Monday, August 18, 2008

The Hesitation Waltz

The dancers assume the ordinary plain Waltz position. Then the man steps back with the right foot, taking two steps on two counts, alternating the right and left foot; then he moves forward two steps--right foot, left foot--again allowing each step to fill in one count of the music. Thus, to be very explicit, four counts have been occupied, but the steps should not be directly forward and backward, leaving you in the same position; you should turn and travel just a little. For the next two counts the gentleman allows his weight to rest on his left foot. This creates the sense of hesitation in the dance which has given it its name.

The lady starts forward--left, right, and back left, right--finally holding her weight on the right foot through the fifth and sixth counts. Then she goes back on her left foot for the next part of the step--left, right, and then forward, left, right--finally holding her weight as before on the two last counts. I might add here that a great many people start with the hesitating steps and finish with the Waltz. That is a matter of preference.

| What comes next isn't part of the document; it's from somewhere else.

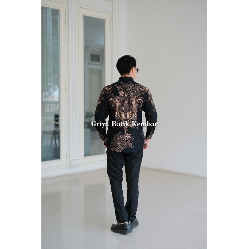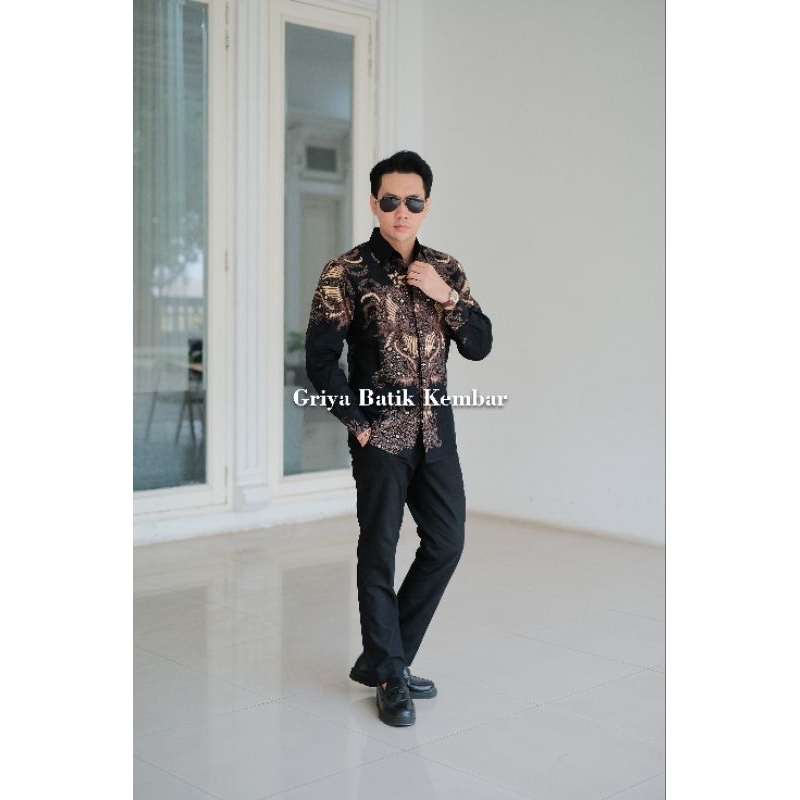 Baju Batik Pria Slimfit Lengan Panjang Motif Kencono Hitam Kain Katun Printing Lapisan Furing Nyaman dan Lembut tersedia

This measure could be continued indefinitely. By counting 1, 2, 3, 4, 5, 6, and holding or hesitating the 5, 6, you can't very well go wrong; and you are doing the Hesitation Waltz.

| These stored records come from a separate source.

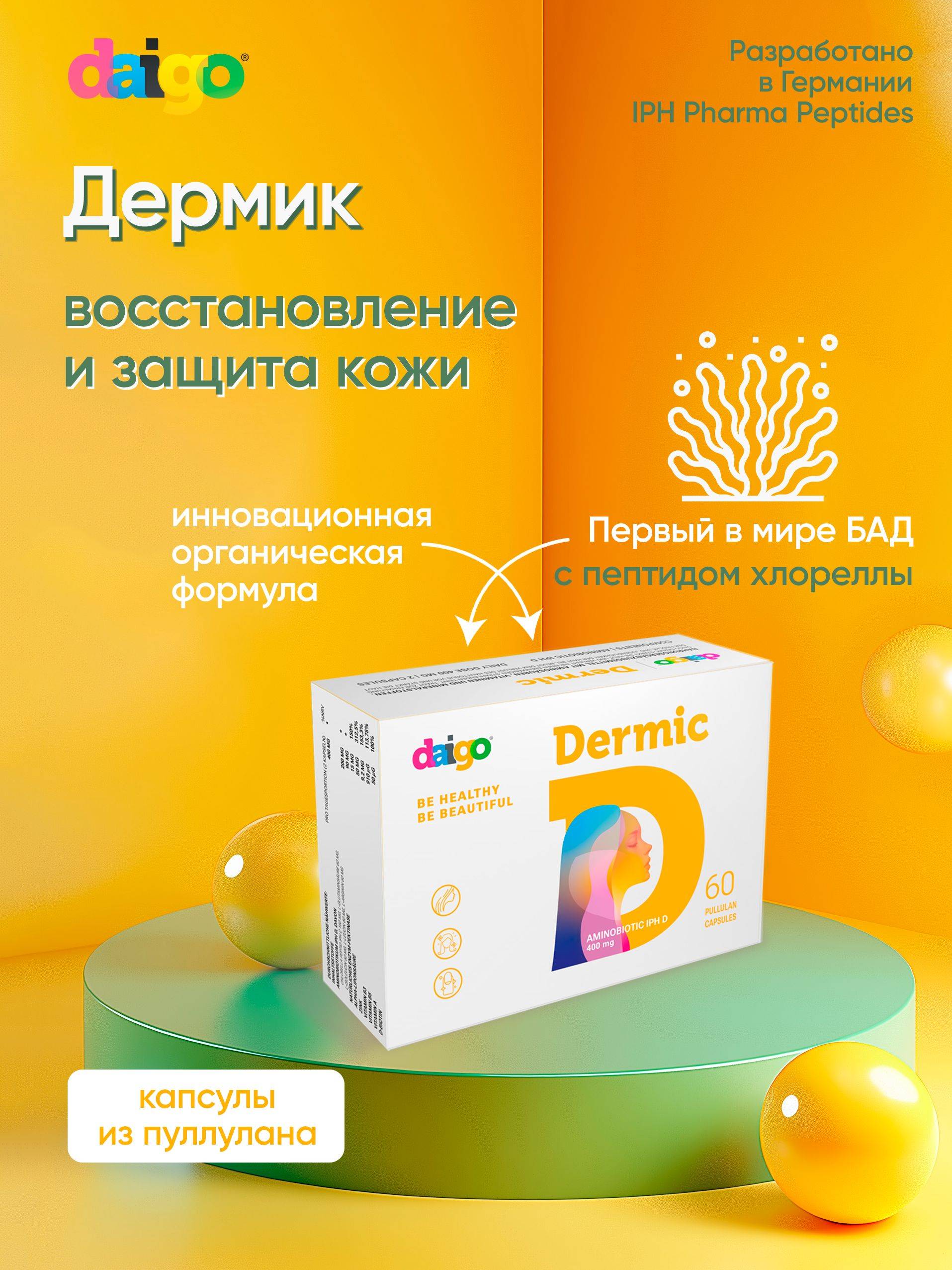 Daigo Dermic is a dietary supplement designed to support the health of hair, nails, and skin. Formulated with a chlorophyll peptide and essential amino acids, it works at the cellular level to enhance the protective and aesthetic functions of the skin. This supplement is intended for adults seeking to maintain or improve the appearance and condition of their hair, nails, and skin.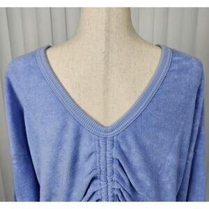 Aerie Cinched Terry Cloth Sweatshirt Relaxed V-back Blue Women's Size Medium New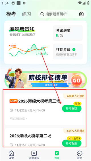 4、切换到做题页面,找到【2026海绵大模考第三场】,点击【补考报名】按钮,可参与模考检验学习效果啦。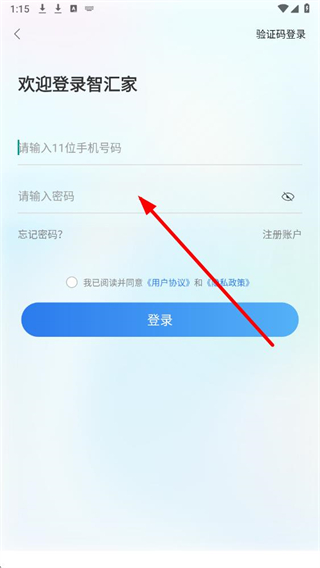 3、在密碼登錄界面,在輸入框內(nèi)填寫賬號和密碼,勾選協(xié)議后,點擊登錄按鈕,即可完成密碼登錄操作。

Of course, were this all, it would be a very tiresome dance. So you vary it slightly by doing either two or three' ordinary Waltz measures--or some of the figures I am about to explain or some of your own. After you have a rough idea of this first step, I advise you to cease counting and try to do the hesitation when the music seems to "ask it"--if you know what I mean. Nearly every good Waltz has certain strains which, if you have a good ear for music, you will not fail to recognize as calling for some sort of hesitation or pause.

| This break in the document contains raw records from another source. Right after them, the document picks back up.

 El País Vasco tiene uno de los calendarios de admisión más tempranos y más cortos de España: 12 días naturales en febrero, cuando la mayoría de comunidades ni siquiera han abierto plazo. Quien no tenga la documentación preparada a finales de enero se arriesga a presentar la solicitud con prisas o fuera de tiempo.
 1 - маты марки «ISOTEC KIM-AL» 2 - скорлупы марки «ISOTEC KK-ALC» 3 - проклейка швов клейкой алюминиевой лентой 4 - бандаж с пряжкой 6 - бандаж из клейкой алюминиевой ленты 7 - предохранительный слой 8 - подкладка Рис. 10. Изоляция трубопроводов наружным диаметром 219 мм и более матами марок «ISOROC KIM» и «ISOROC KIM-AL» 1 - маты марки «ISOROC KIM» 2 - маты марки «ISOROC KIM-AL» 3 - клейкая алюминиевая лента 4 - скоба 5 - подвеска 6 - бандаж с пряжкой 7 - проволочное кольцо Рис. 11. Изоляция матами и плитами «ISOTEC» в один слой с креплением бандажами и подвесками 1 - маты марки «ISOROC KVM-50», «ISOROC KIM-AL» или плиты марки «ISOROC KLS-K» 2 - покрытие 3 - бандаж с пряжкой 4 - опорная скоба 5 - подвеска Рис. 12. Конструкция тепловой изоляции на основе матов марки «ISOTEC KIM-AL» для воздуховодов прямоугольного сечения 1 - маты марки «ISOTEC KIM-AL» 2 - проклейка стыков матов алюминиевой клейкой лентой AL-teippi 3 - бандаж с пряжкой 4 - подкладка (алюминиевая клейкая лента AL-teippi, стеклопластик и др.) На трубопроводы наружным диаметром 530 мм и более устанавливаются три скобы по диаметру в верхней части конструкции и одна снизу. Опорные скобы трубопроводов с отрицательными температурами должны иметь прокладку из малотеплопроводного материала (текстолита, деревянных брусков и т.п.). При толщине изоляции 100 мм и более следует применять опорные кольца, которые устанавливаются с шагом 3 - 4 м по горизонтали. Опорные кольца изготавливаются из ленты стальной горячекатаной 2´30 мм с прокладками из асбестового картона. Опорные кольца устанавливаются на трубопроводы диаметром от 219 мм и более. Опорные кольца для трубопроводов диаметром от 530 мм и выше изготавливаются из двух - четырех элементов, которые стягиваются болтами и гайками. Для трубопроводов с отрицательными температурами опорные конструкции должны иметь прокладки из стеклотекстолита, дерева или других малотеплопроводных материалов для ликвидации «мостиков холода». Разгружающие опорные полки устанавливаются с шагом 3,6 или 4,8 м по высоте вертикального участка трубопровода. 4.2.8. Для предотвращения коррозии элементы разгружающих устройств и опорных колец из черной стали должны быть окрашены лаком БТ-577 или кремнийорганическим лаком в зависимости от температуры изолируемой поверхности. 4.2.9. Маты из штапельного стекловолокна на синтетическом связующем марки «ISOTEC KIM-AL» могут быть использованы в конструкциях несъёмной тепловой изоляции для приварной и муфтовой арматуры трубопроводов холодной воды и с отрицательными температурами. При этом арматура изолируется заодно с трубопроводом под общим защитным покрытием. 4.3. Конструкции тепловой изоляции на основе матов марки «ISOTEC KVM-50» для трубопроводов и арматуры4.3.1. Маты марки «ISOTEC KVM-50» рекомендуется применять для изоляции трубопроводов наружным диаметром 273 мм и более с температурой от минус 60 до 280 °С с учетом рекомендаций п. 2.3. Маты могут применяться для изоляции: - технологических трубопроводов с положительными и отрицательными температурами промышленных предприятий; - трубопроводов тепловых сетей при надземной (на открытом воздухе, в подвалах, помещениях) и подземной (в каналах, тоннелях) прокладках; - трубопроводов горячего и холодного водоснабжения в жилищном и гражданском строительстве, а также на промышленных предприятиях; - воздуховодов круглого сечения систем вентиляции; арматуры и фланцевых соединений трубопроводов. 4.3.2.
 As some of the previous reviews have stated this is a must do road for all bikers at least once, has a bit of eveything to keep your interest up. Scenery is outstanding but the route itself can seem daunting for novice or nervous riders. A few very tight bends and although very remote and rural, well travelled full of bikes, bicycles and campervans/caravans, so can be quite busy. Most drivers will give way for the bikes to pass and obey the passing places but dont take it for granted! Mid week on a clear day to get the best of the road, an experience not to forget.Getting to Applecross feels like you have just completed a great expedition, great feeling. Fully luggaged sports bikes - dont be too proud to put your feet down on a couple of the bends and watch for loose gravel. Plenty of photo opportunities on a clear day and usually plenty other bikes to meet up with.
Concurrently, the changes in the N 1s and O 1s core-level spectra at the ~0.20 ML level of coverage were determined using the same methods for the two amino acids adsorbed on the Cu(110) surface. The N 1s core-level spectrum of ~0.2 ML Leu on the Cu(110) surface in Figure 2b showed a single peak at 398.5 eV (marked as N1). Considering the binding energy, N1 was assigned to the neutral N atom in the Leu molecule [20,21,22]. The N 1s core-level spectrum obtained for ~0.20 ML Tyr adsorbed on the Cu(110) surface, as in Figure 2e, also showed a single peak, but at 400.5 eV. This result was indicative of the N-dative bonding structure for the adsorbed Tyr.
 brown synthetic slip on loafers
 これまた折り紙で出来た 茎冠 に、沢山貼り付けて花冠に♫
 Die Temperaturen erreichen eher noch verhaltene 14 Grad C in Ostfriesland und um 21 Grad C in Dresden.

In my opinion it is much better to hesitate when the music hesitates, and, when it does not, simply do the ordinary Waltz movement or steps to that tempo. Avoid always the terrible schedule which obliges you to waltz, hesitate, waltz, hesitate, etc., no matter what tune is being played or who is in your way. That kind of dancing belongs to the people who count to themselves, looking up at the ceiling, 1, 2, 3--1, 2, 3--1, 2, 3.